AIM OF THE TASK:
Restate exactly the lines below, from the one containing "The Bizzy Lickit" through the final line, and leave out the pictures.

DATASET EXTRACT:
=== Begin Enclosure ===

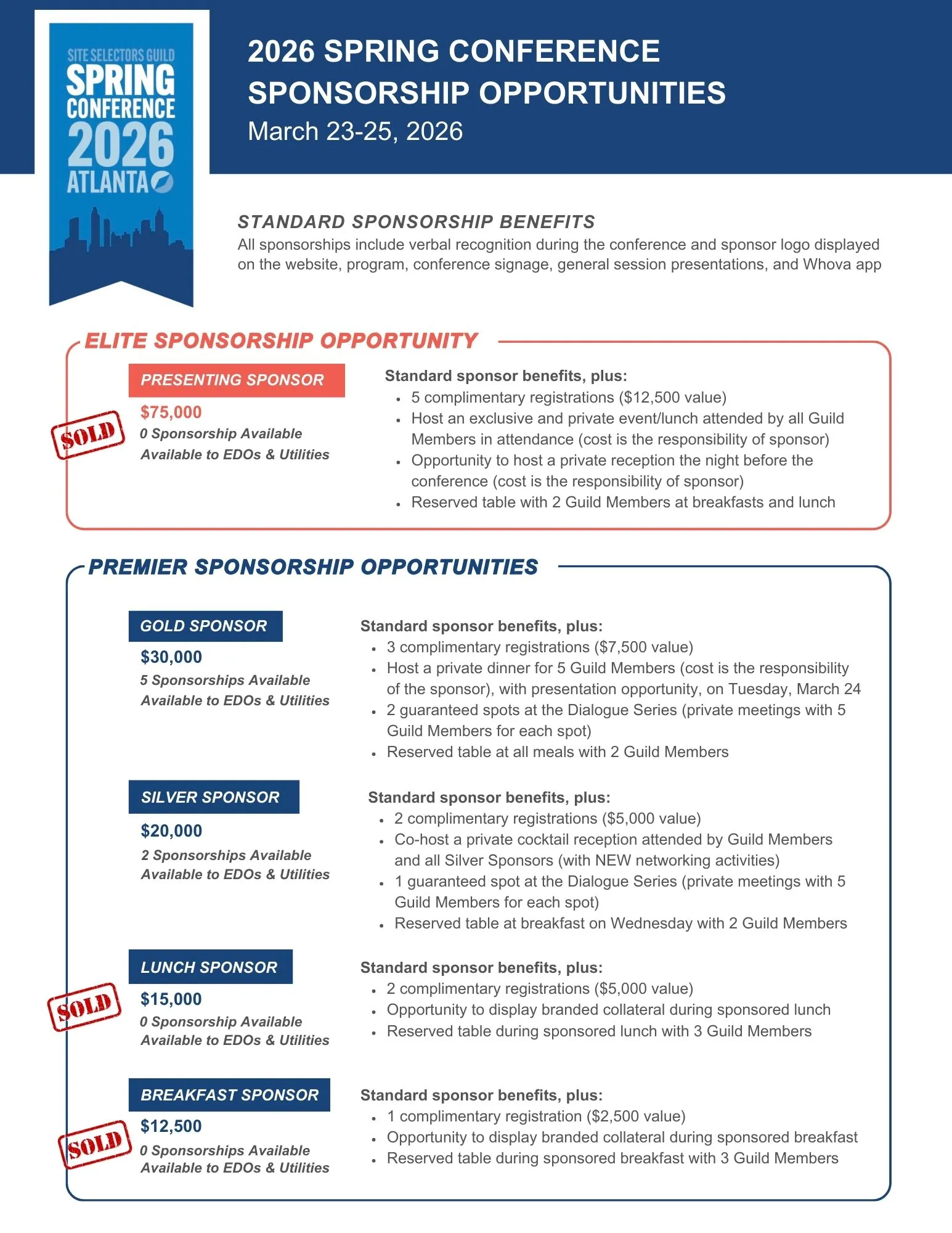 For even more direct networking opportunities with the Site Selectors Guild members, consider a sponsorship with many enhanced benefits – Download more info here.
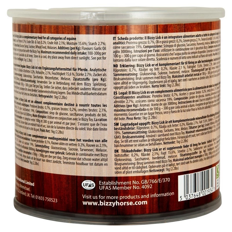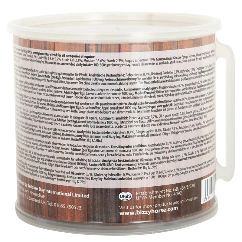The Bizzy Lickit horse lick weighs one kilogram and can be used in combination with the Bizzy Ball to enrich the environment of the horse and to prevent boredom. The consistence of the lick is rock-hard, making it nearly impossible
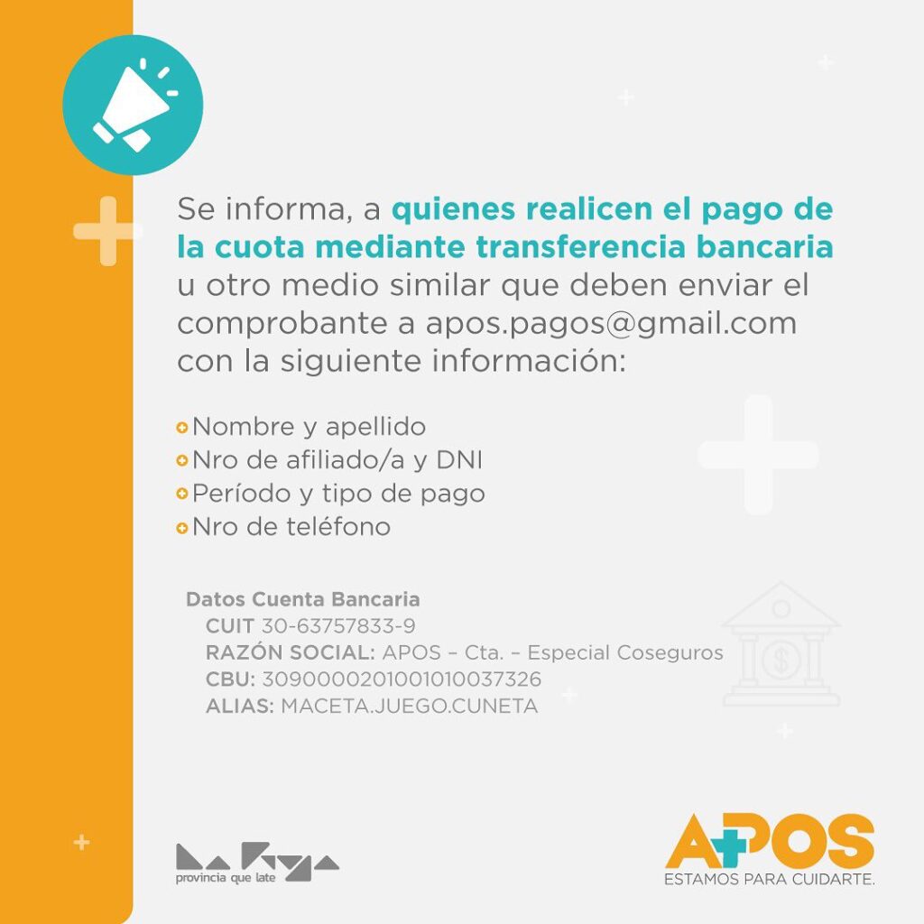 APOS informa que quienes realicen el pago de la cuota mediante transferencia bancaria u otro medio similar, deben enviar el comprobante a apos.pagos@gmail.com con la siguiente información:
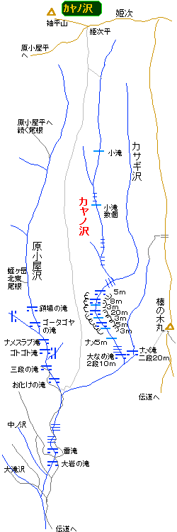 原小屋沢→(かやの沢)、前々前回には下降に使わせてもらい(

=== End Enclosure ===

YOUR RESPONSE:
The Bizzy Lickit horse lick weighs one kilogram and can be used in combination with the Bizzy Ball to enrich the environment of the horse and to prevent boredom. The consistence of the lick is rock-hard, making it nearly impossible
 APOS informa que quienes realicen el pago de la cuota mediante transferencia bancaria u otro medio similar, deben enviar el comprobante a apos.pagos@gmail.com con la siguiente información:
 原小屋沢→(かやの沢)、前々前回には下降に使わせてもらい(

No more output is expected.